For the last two weeks I've been trying to develop an operant learning paradigm for isolated leech nervous systems. To do these experiments I traveled to visit Bill Kristan's lab at UCSD. After he showed me how to dissect the animal, I went and did some pilot studies on where to stimulate the animals and how. The plan was to first get the animals to generate swimming or crawling behavior in response to stimulation of a nerve at ganglion 15, just as described in Kevin Briggman's Science paper. The initial problem was that the animals all swam spontaneously, as shown in this video:



This spontaneous swimming behavior makes it impossible to decide which activity was spontaneous and which was triggered by the stimulation. Moreover, it seemed that this spontaneous swimming was an indication that the preparations were very prone to respond with swimming to any kind of stimulation, anywhere. I think I have the problem of spontaneous swimming solved now by removing some of the connective tissue around the ganglia (it's actually a blood sinus called the 'stocking'). This should prevent the accumulation of serotonin in the blood sinus, which biases the system to swimming activity. I also had to move the stimulation from the published ganglion 15 down to ganglion 17 or even 18 in order to get any crawling at all (apparently some weird seasonal thing). Still, it doesn't seem I'm getting a 50-50 distribution of swimming vs. crawling, yet. I need to play around with the duration and intensity of the stimulation it seems. The last prep today almost exclusively crawled, sigh. Anyway, I seem to be making headway.

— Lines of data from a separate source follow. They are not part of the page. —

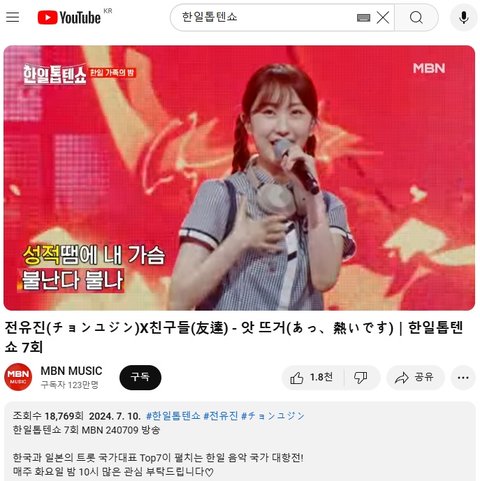 (사진4~5 설명) 전유진(チョンユジン)X친구들(友達) - 앗 뜨거(あっ、熱いです)|한일톱텐쇼 7회 YouTube MBN 동영상 화면 캡춰
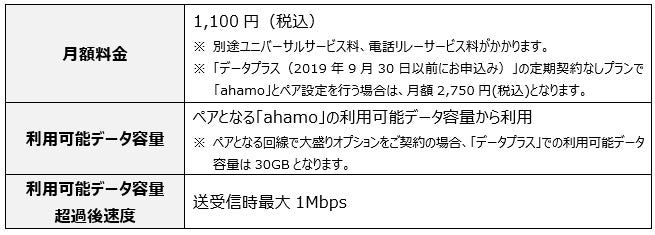 ※1 新規受付中の「5Gデータプラス」「データプラス2」、および新規受付を終了している「データプラス(2019年9月30日以前にお申込み)」において、「ahamo」とペア設定が可能となります。
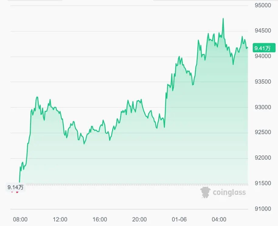 加密货币普涨,比特币大涨站上94000美元。

Progress is slow, though. The dissection takes about 3 hours, then the nervous system gets 1h of rest (aka lunch) and then the trying out, testing, recording and stimulating takes about another 3-4 hours, which makes it too long to get two decent preps into a single day. I need to somehow shave off a few hours from this schedule, I only have three weeks left.

Why am I doing all this, you ask? Well, if the nervous system is making a decision upon each stimulation whether it should generate crawling or swimming activity, maybe I can find a nerve to stimulate which would bias this decision one way or another. So I've started to stimulate a nerve in the very front of the nervous system, ganglion 2 or 3. When I do that during a swim I can usually switch it off. If I do so during a crawl, they usually stop crawling, too. However, the method is not as reliable as I would want it, yet. The idea behind this is that eventually I should be able to get preps where in a pre-test phase they exhibit (ideally) a 50-50 ratio between swimming and crawling in response to the stimulation at ganglion 17/18, Then, during training, I choose one of the patterns and shut them off with the ganglion 2/3 stimulation. After training, I hope to see a shift in the ratio, away from the initial one, becasue the nervous system has learned that the pattern in question is always followed by some unpleasant stimulation.

I've done similar operant conditioning experiments in the marine snail Aplysia, so these kinds of things can work in principle. But which nerve to use and which stimulation parameters is always tricky. It may well be that I can't get the nerve chords to modulate their decision-making.